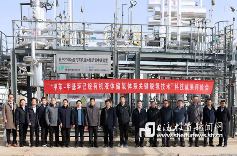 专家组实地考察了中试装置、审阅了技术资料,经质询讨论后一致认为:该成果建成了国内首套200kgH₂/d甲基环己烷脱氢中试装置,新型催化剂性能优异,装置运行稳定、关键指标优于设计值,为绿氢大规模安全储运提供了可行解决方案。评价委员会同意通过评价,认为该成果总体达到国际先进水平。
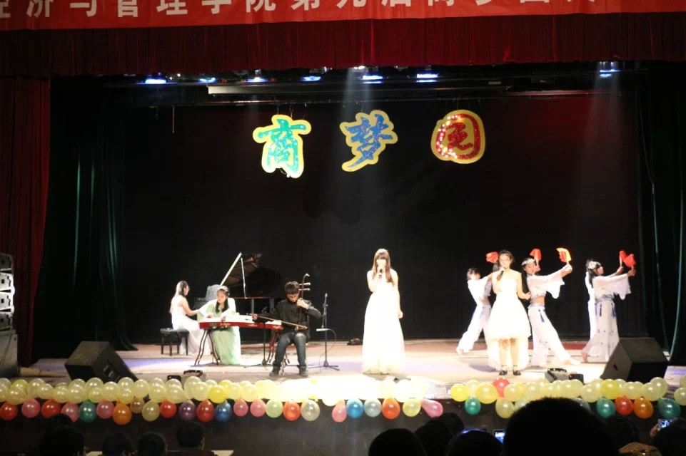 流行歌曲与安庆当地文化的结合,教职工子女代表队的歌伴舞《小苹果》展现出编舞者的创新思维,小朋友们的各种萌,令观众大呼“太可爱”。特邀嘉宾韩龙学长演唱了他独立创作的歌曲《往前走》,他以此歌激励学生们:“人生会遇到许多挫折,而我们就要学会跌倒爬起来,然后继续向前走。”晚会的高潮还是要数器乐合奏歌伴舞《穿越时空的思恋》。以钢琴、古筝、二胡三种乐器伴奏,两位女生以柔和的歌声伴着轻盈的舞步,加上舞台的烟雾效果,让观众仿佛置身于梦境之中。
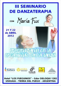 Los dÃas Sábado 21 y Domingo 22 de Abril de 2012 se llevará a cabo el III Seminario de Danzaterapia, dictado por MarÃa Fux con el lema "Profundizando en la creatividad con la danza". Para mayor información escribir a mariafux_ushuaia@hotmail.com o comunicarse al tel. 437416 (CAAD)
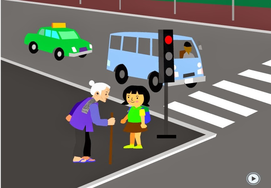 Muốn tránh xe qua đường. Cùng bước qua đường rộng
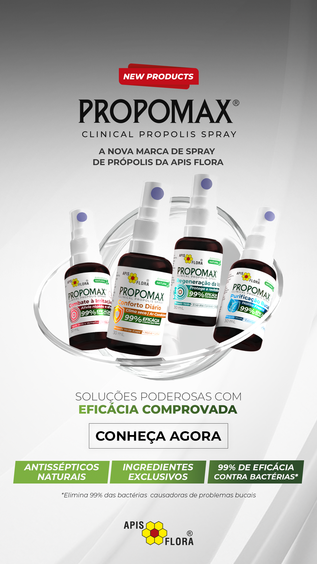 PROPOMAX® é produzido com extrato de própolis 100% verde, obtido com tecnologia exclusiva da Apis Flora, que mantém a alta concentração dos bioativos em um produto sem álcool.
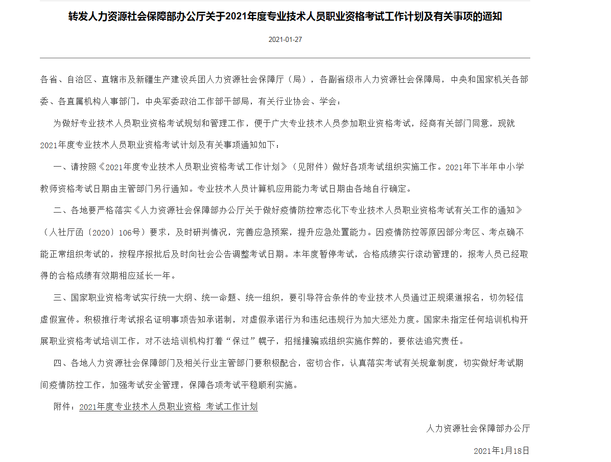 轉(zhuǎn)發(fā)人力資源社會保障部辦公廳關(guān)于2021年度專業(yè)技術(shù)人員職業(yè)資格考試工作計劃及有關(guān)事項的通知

————

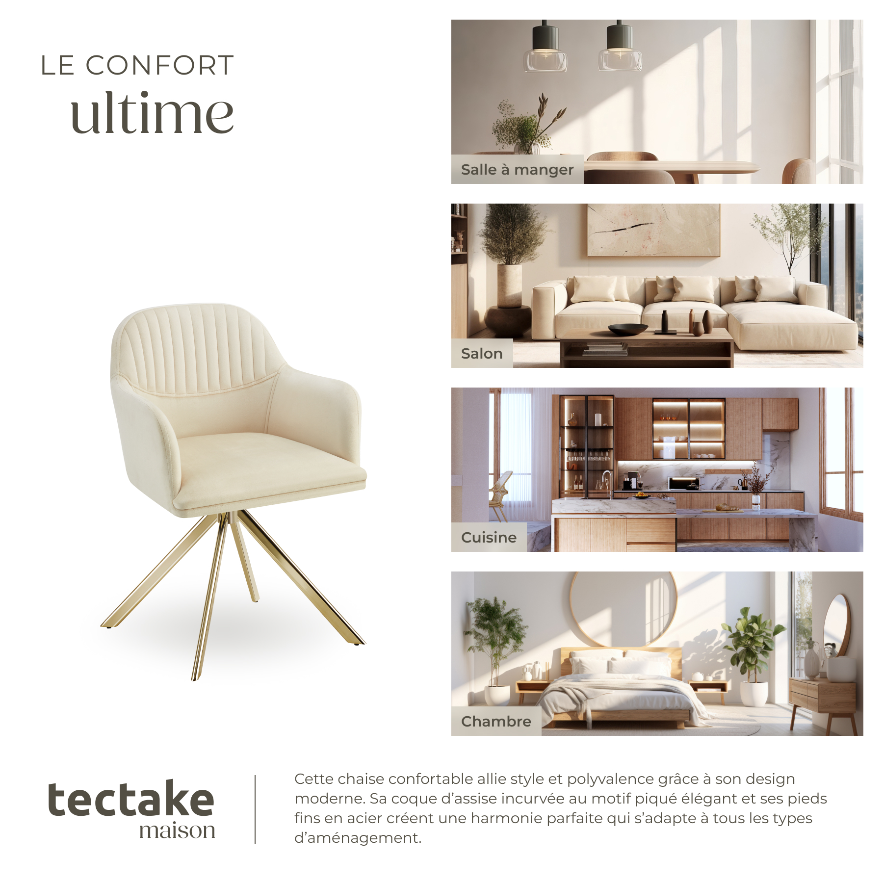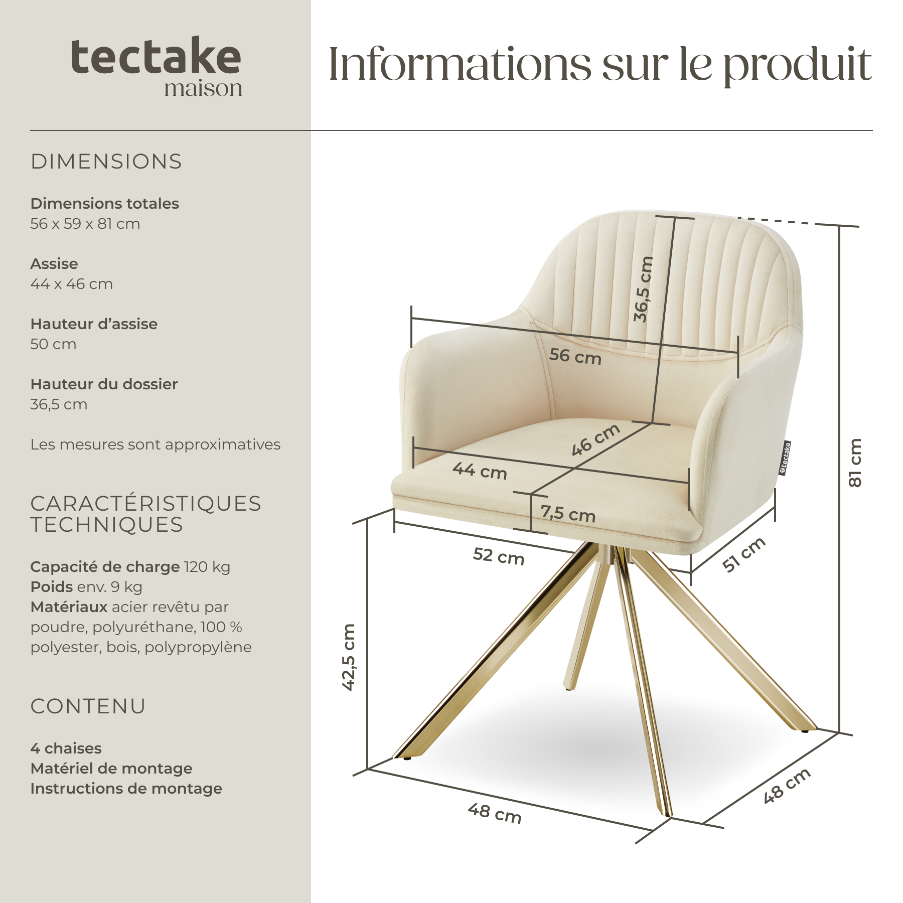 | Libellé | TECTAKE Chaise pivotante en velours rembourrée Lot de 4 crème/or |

————

Aim of the task.
Find where the line with "专家组实地考察了中试装置、审" sits in the material above and where the line with "轉(zhuǎn)發(fā)人" sits. Set down exactly the lines from the first to the second, both included and nothing else, without pictures.

Response to this exercise.
 专家组实地考察了中试装置、审阅了技术资料,经质询讨论后一致认为:该成果建成了国内首套200kgH₂/d甲基环己烷脱氢中试装置,新型催化剂性能优异,装置运行稳定、关键指标优于设计值,为绿氢大规模安全储运提供了可行解决方案。评价委员会同意通过评价,认为该成果总体达到国际先进水平。
 流行歌曲与安庆当地文化的结合,教职工子女代表队的歌伴舞《小苹果》展现出编舞者的创新思维,小朋友们的各种萌,令观众大呼“太可爱”。特邀嘉宾韩龙学长演唱了他独立创作的歌曲《往前走》,他以此歌激励学生们:“人生会遇到许多挫折,而我们就要学会跌倒爬起来,然后继续向前走。”晚会的高潮还是要数器乐合奏歌伴舞《穿越时空的思恋》。以钢琴、古筝、二胡三种乐器伴奏,两位女生以柔和的歌声伴着轻盈的舞步,加上舞台的烟雾效果,让观众仿佛置身于梦境之中。
 Los dÃas Sábado 21 y Domingo 22 de Abril de 2012 se llevará a cabo el III Seminario de Danzaterapia, dictado por MarÃa Fux con el lema "Profundizando en la creatividad con la danza". Para mayor información escribir a mariafux_ushuaia@hotmail.com o comunicarse al tel. 437416 (CAAD)
 Muốn tránh xe qua đường. Cùng bước qua đường rộng
 PROPOMAX® é produzido com extrato de própolis 100% verde, obtido com tecnologia exclusiva da Apis Flora, que mantém a alta concentração dos bioativos em um produto sem álcool.
 轉(zhuǎn)發(fā)人力資源社會保障部辦公廳關(guān)于2021年度專業(yè)技術(shù)人員職業(yè)資格考試工作計劃及有關(guān)事項的通知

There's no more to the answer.